If data is the underpinning of modern finance, payroll data is expanding the pie. Early data firms like Plaid, MX, and Finicity made it easier for lenders and other fintech apps to access banking data. But now, firms like Pinwheel and Argyle are opening up payroll data. Traditional W2 work is evolving in the gig economy and being able to access payroll data wherever it resides creates new opportunities to serve customers.
On today’s podcast, we have Kurt Lin, co-founder and CEO of Pinwheel. Lin’s vision is that over time, lenders will use the firm’s payroll API to track their borrowers’ financial health longitudinally. Fintech firms can assess borrowers’ current income, whether they’re showing up for shifts, whether they’re getting paid consistently. We’re at the beginning stage of payroll connectivity and Lin shares some interesting insights into current use cases, based off of income verification, direct deposit switching and payroll-linked lending. Lastly, we talk about where Pinwheel and payroll connectivity are headed in the future.
Kurt Lin is my guest today on the Tearsheet Podcast.
My name is Kurt Lin. I am the co founder and CEO of Pinwheel, the leading payroll connectivity API. We are building the income layer for the financial system. And we work with some of the largest players in the fintech world to help enable things like direct deposit switching, income verification, as well as a suite of other use cases, to build what we believe is the future of the financial system.

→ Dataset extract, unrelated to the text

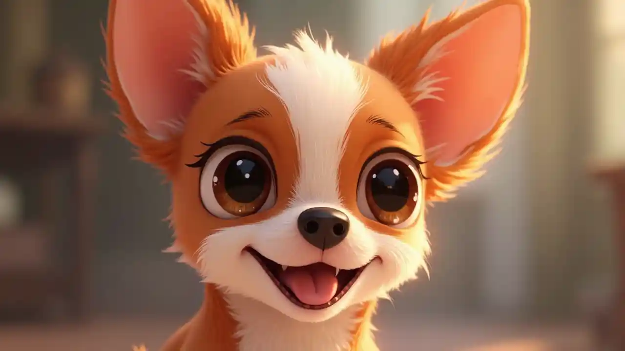 Плакат Диснея с красно-белой чихуа с большими глазами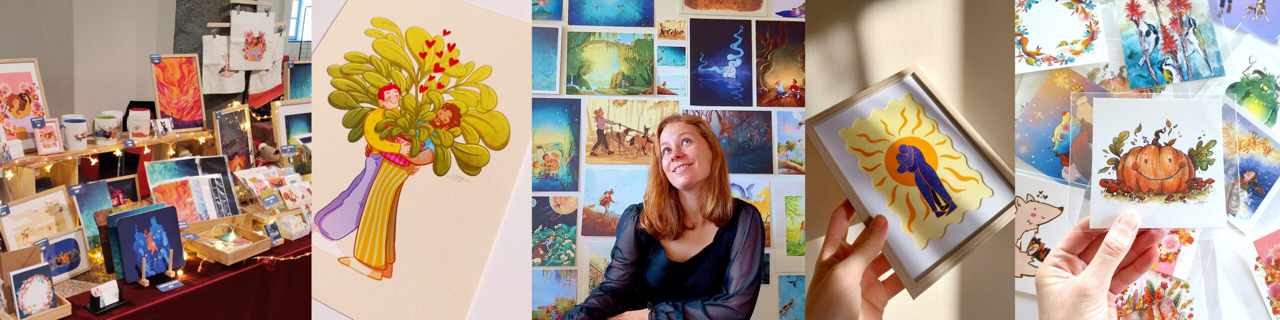 Je vends mes illustrations sur des marchés et dans des jolies boutiques ! Je suis toujours à la recherche de nouveaux endroits où exposer.

The impetus for starting Pinwheel is that for myself, as well as my team and my co founders, we're all second generation immigrants. Especially coming from a family with a very traditional Asian upbringing, the idea of carrying debt is anathema, frankly, to core parts of our culture. Growing up, my dad and mom never really applied for credit cards or anything, because they felt if you have the money, why would you do that? I should also add that my dad was this traditional Asian dad, who was very stoic and never really showed any emotions. It took the guy 50 to 60 years before he was even able to say I love you. That kind of gives you an understanding of who he was.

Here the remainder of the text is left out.